Task - Extract the text of every entry below exactly; leave images out.

Provided data -
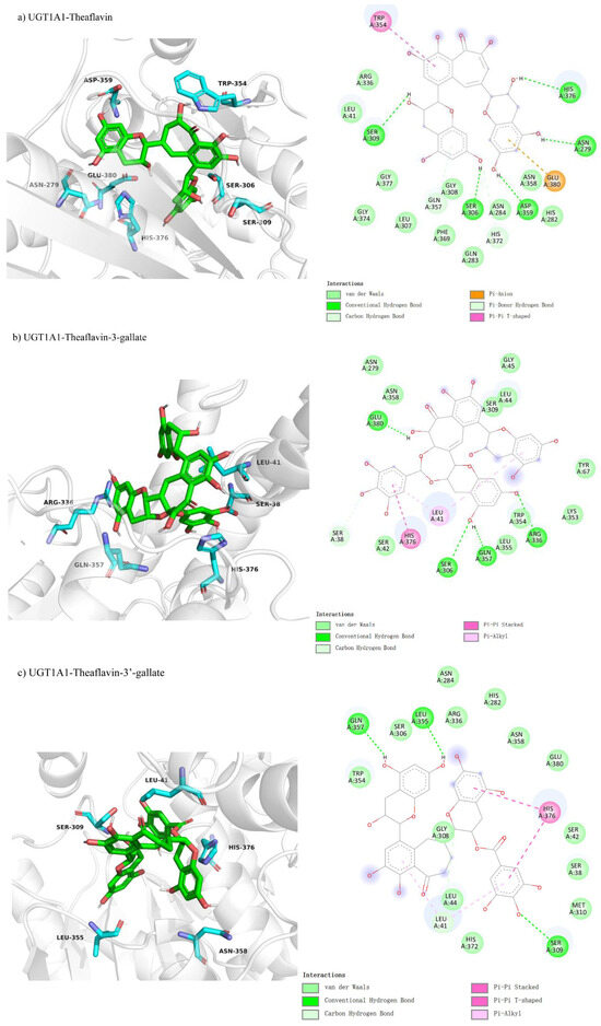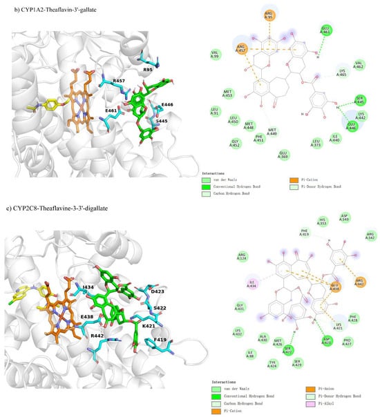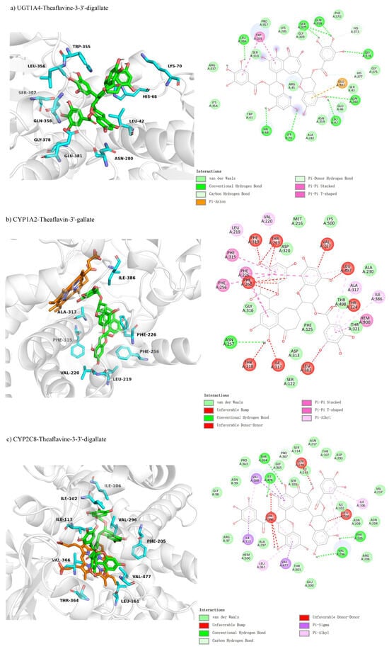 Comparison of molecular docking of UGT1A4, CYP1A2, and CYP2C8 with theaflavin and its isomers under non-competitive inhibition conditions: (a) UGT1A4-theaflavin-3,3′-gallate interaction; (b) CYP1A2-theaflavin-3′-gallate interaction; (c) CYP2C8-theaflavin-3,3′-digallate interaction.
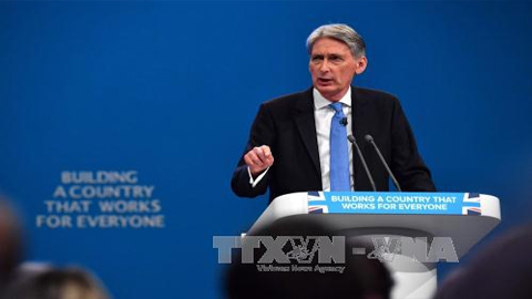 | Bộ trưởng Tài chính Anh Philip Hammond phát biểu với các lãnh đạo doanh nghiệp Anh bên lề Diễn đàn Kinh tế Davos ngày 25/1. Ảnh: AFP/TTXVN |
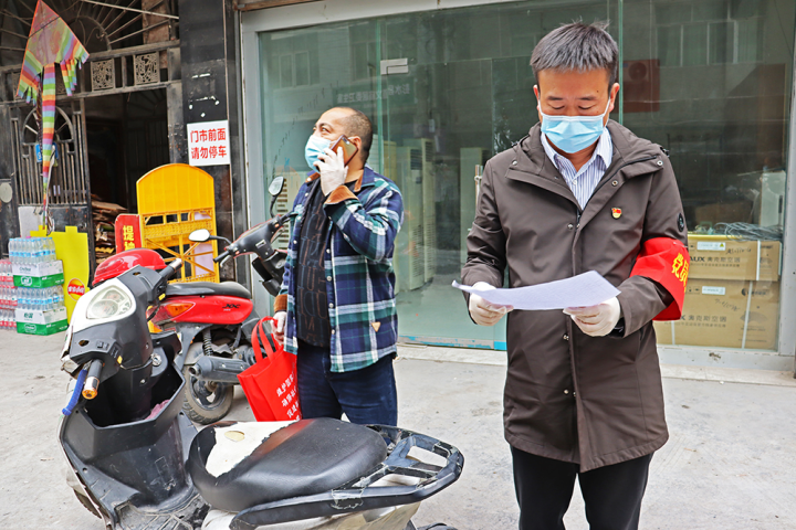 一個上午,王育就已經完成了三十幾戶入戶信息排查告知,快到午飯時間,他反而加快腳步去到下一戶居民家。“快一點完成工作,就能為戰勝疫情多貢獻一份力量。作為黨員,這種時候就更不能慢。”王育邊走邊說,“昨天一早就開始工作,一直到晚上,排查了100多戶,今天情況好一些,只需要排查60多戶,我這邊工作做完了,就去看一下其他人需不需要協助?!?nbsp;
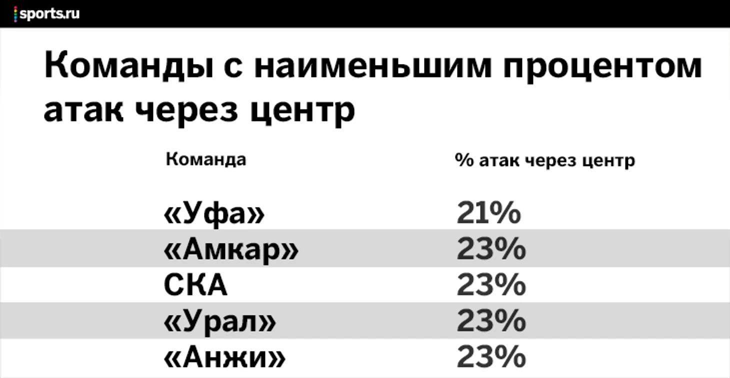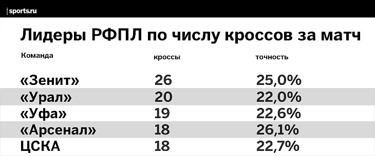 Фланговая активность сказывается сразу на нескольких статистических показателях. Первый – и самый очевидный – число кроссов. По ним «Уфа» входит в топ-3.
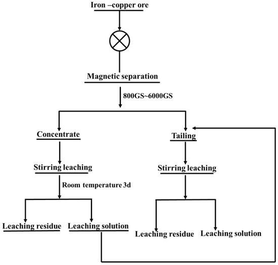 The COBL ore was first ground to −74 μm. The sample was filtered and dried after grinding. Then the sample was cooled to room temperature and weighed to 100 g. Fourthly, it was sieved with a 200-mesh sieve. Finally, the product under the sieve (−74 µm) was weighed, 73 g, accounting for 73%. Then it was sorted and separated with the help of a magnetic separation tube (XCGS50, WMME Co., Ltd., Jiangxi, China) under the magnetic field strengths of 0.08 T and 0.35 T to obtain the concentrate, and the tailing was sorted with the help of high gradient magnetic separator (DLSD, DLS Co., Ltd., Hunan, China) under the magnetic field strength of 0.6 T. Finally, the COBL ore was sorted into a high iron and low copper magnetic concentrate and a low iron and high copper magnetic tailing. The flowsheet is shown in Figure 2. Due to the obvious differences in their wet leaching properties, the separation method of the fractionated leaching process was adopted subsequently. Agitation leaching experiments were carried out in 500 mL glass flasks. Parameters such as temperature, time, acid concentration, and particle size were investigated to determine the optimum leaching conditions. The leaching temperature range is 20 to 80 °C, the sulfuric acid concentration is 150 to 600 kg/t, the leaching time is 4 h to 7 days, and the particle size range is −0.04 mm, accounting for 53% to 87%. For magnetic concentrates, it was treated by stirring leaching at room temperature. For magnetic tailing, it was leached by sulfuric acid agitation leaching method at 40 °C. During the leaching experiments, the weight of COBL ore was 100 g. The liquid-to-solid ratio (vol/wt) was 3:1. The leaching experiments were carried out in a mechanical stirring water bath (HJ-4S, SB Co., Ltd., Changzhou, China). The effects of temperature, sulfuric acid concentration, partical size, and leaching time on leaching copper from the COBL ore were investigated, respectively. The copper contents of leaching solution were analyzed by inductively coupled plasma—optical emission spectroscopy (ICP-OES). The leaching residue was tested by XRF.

Solution to this exercise -
 Comparison of molecular docking of UGT1A4, CYP1A2, and CYP2C8 with theaflavin and its isomers under non-competitive inhibition conditions: (a) UGT1A4-theaflavin-3,3′-gallate interaction; (b) CYP1A2-theaflavin-3′-gallate interaction; (c) CYP2C8-theaflavin-3,3′-digallate interaction.
 | Bộ trưởng Tài chính Anh Philip Hammond phát biểu với các lãnh đạo doanh nghiệp Anh bên lề Diễn đàn Kinh tế Davos ngày 25/1. Ảnh: AFP/TTXVN |
 一個上午,王育就已經完成了三十幾戶入戶信息排查告知,快到午飯時間,他反而加快腳步去到下一戶居民家。“快一點完成工作,就能為戰勝疫情多貢獻一份力量。作為黨員,這種時候就更不能慢。”王育邊走邊說,“昨天一早就開始工作,一直到晚上,排查了100多戶,今天情況好一些,只需要排查60多戶,我這邊工作做完了,就去看一下其他人需不需要協助?!?nbsp;
 Фланговая активность сказывается сразу на нескольких статистических показателях. Первый – и самый очевидный – число кроссов. По ним «Уфа» входит в топ-3.
 The COBL ore was first ground to −74 μm. The sample was filtered and dried after grinding. Then the sample was cooled to room temperature and weighed to 100 g. Fourthly, it was sieved with a 200-mesh sieve. Finally, the product under the sieve (−74 µm) was weighed, 73 g, accounting for 73%. Then it was sorted and separated with the help of a magnetic separation tube (XCGS50, WMME Co., Ltd., Jiangxi, China) under the magnetic field strengths of 0.08 T and 0.35 T to obtain the concentrate, and the tailing was sorted with the help of high gradient magnetic separator (DLSD, DLS Co., Ltd., Hunan, China) under the magnetic field strength of 0.6 T. Finally, the COBL ore was sorted into a high iron and low copper magnetic concentrate and a low iron and high copper magnetic tailing. The flowsheet is shown in Figure 2. Due to the obvious differences in their wet leaching properties, the separation method of the fractionated leaching process was adopted subsequently. Agitation leaching experiments were carried out in 500 mL glass flasks. Parameters such as temperature, time, acid concentration, and particle size were investigated to determine the optimum leaching conditions. The leaching temperature range is 20 to 80 °C, the sulfuric acid concentration is 150 to 600 kg/t, the leaching time is 4 h to 7 days, and the particle size range is −0.04 mm, accounting for 53% to 87%. For magnetic concentrates, it was treated by stirring leaching at room temperature. For magnetic tailing, it was leached by sulfuric acid agitation leaching method at 40 °C. During the leaching experiments, the weight of COBL ore was 100 g. The liquid-to-solid ratio (vol/wt) was 3:1. The leaching experiments were carried out in a mechanical stirring water bath (HJ-4S, SB Co., Ltd., Changzhou, China). The effects of temperature, sulfuric acid concentration, partical size, and leaching time on leaching copper from the COBL ore were investigated, respectively. The copper contents of leaching solution were analyzed by inductively coupled plasma—optical emission spectroscopy (ICP-OES). The leaching residue was tested by XRF.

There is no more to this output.